Initially, I wanted to write my RangeSet class like this: class RangeSet[T: Ordering](ranges: Set[Range[T]]) extends SortedSet[Range[T]]. That felt more natural and avoids the issue you pointed out about mixing different Ts. But as far as I can tell, it doesn’t work because the type constructor passed to SortedSetOps expects a different shape. Here’s an example.

Is there a way to make this approach work?

2 Likes

@anna_shaw

Ah, I see - glad no LLMs were involved. The problem is more complex. As long as you’re learning… :grinning_cat_with_smiling_eyes:

Before getting into a load of back-and-forth about the custom collection approach and getting the type signatures sorted out, any chance something off-the-peg would suit you?

For example: Diet

Or maybe: sciss/FingerTree: A Scala implementation of the versatile purely functional data structure of the same name. - Codeberg.org (I use this a fair bit for interval queries).

I wrote something a bit like Diet way back when that you could mess around with and adapt (although I’d recommend using either of the above if it works for you: americium/src/main/scala/com/sageserpent/americium/RangeOfSlots.scala at master · sageserpent-open/americium · GitHub. This is definitely more as inspiration for how to implement an interval search using ranges, the API is intended for quite different purposes.)

I went down the road of looking at that very same Wikipedia page a few years ago, but ended up using the fingertree (in RangedSeq guise instead).

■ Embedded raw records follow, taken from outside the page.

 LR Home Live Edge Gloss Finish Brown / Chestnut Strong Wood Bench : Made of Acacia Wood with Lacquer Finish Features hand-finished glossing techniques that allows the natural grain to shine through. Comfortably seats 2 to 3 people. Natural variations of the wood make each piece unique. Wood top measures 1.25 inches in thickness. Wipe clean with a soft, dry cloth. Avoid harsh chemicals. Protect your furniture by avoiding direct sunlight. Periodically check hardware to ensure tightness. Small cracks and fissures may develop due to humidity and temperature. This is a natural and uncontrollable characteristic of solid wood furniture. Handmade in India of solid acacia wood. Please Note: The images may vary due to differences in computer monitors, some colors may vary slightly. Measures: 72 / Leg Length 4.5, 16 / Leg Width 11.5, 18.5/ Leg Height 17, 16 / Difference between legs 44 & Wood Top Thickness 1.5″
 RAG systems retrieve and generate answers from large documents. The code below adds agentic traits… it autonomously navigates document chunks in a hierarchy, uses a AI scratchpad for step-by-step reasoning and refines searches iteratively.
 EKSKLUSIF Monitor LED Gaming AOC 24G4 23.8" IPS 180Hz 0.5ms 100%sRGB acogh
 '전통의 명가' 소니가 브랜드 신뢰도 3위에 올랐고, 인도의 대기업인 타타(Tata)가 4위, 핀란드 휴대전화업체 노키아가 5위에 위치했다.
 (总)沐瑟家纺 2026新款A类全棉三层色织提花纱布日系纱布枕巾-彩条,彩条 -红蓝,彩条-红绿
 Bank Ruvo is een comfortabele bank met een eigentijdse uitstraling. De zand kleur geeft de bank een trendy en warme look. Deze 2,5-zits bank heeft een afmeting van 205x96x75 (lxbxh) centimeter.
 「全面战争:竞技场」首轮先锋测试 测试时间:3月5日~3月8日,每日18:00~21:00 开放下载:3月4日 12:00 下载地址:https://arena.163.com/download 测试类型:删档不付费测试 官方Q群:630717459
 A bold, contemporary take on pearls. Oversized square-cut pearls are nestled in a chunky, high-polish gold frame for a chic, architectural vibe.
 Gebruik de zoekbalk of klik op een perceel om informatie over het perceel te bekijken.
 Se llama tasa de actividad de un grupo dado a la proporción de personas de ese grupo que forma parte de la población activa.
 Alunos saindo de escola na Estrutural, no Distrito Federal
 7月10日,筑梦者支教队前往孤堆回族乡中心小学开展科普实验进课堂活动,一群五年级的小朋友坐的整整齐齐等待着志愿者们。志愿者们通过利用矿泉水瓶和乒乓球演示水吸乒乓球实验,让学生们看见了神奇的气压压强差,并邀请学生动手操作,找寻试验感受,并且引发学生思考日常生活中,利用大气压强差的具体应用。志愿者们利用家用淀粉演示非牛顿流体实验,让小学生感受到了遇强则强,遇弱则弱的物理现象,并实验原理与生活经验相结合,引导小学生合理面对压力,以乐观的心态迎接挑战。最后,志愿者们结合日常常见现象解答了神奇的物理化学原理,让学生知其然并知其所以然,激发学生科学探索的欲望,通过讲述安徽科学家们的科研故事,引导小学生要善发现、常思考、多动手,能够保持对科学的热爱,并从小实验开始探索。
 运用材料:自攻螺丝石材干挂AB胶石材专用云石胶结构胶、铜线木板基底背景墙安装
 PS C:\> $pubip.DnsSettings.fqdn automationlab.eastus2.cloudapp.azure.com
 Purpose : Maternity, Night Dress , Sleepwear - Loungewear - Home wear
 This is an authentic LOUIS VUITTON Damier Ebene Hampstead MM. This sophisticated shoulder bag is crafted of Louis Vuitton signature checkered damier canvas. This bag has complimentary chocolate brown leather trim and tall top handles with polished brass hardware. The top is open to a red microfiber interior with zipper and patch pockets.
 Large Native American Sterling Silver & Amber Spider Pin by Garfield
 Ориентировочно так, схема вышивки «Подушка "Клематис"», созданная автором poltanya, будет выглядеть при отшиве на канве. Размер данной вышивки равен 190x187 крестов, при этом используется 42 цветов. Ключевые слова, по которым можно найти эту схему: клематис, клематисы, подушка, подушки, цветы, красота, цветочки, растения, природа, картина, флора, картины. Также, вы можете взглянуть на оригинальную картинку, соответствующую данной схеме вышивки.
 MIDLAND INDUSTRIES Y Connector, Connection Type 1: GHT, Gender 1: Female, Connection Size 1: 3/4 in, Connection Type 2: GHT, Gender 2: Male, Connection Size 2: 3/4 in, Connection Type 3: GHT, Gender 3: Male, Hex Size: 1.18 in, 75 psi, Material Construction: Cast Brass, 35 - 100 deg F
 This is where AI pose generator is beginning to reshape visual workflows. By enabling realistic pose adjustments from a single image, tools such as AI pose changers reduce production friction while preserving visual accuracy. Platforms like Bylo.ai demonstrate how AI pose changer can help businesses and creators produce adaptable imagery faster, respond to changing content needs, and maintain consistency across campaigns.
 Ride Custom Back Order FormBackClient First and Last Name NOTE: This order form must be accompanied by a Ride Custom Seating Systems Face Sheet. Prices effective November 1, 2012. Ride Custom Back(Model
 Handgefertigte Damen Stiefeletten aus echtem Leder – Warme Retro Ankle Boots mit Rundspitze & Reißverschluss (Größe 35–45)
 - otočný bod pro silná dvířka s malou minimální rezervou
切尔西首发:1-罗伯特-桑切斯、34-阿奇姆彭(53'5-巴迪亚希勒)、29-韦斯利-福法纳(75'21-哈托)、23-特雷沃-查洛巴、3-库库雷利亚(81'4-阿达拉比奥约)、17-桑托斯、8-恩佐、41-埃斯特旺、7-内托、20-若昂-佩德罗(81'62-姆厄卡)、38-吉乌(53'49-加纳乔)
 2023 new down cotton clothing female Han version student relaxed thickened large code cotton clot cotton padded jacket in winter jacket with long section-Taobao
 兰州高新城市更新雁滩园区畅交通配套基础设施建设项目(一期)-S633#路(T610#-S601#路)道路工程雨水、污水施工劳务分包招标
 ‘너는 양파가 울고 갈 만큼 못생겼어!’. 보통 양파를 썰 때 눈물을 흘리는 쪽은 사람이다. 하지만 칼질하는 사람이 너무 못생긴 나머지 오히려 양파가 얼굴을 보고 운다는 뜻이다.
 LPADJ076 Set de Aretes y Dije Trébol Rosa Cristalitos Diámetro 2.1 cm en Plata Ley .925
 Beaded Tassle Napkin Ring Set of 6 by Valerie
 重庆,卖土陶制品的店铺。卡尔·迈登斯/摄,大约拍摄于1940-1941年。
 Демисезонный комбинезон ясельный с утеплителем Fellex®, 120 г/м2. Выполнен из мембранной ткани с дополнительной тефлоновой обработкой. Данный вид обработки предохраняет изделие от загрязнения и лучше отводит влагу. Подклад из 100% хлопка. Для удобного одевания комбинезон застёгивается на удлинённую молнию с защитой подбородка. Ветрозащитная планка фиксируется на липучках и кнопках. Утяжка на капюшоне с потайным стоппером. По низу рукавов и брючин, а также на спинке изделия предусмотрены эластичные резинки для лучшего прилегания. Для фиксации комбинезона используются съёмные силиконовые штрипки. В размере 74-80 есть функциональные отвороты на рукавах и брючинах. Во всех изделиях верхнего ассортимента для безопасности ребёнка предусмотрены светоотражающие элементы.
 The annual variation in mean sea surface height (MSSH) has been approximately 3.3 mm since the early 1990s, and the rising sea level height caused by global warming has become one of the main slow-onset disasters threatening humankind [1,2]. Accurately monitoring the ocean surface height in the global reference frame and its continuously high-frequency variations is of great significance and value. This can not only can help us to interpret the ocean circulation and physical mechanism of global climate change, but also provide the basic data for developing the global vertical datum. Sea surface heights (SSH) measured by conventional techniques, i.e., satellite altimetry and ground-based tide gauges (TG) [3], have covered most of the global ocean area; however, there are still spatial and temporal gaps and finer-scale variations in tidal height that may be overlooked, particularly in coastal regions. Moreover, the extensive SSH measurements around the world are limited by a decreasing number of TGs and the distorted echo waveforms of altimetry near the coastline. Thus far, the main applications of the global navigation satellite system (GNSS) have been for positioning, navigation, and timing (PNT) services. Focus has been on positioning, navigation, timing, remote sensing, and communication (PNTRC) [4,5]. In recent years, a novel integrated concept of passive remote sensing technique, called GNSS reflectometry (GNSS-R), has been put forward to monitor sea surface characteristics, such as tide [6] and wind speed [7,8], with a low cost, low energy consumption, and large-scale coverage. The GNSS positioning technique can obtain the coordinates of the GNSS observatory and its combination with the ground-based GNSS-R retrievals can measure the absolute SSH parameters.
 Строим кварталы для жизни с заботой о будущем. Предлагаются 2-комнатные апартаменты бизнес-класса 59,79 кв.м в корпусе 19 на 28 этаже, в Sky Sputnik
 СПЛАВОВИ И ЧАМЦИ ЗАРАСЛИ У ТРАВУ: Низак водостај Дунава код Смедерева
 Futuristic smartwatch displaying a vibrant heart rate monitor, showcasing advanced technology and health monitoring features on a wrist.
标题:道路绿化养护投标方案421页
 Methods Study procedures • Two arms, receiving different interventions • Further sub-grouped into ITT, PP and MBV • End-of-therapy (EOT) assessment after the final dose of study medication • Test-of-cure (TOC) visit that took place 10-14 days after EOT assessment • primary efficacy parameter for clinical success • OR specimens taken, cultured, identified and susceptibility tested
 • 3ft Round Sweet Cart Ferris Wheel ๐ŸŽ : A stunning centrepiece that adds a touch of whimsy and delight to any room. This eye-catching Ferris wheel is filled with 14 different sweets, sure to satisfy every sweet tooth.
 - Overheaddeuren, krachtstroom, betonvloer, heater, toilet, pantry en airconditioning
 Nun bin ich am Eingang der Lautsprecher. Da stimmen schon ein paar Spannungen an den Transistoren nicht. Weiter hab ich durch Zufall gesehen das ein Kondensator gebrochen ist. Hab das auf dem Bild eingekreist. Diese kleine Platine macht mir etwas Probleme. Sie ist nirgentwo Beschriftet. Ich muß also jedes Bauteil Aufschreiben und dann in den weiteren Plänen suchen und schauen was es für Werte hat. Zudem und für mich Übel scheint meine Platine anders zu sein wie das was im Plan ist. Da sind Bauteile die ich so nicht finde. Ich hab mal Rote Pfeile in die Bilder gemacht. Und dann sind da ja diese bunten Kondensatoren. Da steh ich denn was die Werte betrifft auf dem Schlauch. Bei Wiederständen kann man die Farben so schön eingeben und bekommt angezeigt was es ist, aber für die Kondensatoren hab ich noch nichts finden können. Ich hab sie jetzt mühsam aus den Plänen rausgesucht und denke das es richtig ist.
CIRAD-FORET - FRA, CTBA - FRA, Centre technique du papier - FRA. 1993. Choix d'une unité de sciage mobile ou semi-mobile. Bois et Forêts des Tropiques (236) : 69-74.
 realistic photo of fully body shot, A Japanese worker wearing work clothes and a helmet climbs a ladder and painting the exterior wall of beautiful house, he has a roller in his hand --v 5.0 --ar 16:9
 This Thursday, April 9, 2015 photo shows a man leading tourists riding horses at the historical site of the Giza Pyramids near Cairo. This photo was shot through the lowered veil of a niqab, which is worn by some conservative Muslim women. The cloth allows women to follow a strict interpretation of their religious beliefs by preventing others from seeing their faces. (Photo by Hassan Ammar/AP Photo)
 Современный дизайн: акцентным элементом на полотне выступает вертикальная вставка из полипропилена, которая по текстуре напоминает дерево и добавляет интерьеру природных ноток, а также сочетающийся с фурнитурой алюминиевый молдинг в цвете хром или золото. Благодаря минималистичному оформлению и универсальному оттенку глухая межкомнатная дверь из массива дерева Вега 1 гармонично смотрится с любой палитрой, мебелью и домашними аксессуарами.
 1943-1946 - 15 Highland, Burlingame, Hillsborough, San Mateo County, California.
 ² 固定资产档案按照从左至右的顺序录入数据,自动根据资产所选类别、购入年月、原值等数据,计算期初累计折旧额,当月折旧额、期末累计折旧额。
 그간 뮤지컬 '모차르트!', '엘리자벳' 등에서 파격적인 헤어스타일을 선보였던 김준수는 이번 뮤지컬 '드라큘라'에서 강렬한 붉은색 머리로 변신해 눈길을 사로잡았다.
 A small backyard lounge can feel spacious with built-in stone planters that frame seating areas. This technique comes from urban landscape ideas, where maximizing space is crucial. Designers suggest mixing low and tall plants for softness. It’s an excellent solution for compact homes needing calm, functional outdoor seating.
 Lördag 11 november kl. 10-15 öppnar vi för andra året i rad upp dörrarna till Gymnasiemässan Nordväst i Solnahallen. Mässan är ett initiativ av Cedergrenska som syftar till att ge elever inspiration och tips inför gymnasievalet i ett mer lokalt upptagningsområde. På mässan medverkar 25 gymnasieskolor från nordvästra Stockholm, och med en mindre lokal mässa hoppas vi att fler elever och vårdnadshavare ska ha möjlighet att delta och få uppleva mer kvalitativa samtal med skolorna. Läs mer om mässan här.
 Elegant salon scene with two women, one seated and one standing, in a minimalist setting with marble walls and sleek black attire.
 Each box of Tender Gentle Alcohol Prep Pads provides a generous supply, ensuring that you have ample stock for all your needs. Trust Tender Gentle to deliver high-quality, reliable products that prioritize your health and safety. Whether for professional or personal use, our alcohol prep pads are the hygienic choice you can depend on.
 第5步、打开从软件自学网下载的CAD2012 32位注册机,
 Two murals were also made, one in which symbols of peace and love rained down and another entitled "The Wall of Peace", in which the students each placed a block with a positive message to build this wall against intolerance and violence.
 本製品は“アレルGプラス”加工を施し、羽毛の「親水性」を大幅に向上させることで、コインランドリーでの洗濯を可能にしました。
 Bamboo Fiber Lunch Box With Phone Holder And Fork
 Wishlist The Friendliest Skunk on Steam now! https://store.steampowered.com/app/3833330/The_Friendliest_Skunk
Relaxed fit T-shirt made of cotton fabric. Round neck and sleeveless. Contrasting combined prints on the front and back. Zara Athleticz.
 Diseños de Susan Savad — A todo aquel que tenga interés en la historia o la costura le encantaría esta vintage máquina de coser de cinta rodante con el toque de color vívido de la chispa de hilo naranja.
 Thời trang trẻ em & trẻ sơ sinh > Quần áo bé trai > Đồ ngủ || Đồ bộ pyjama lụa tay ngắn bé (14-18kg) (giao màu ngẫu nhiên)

EDIT: something to bear in mind with the finger tree approach is that the API is rather quirky. It isn’t wrong, and is bug-free and performant, but you have to pay attention to whether your intervals are closed, open, or left-closed / right-open or vice versa. IIRC, the API expects left-closed / right-open; I suggest playing around with it in Scastie etc to verify this. The code comments are a bit misleading too, but it’s still a fine piece of work.

I could be wrong, but it seems the stdlib is unable to support this case.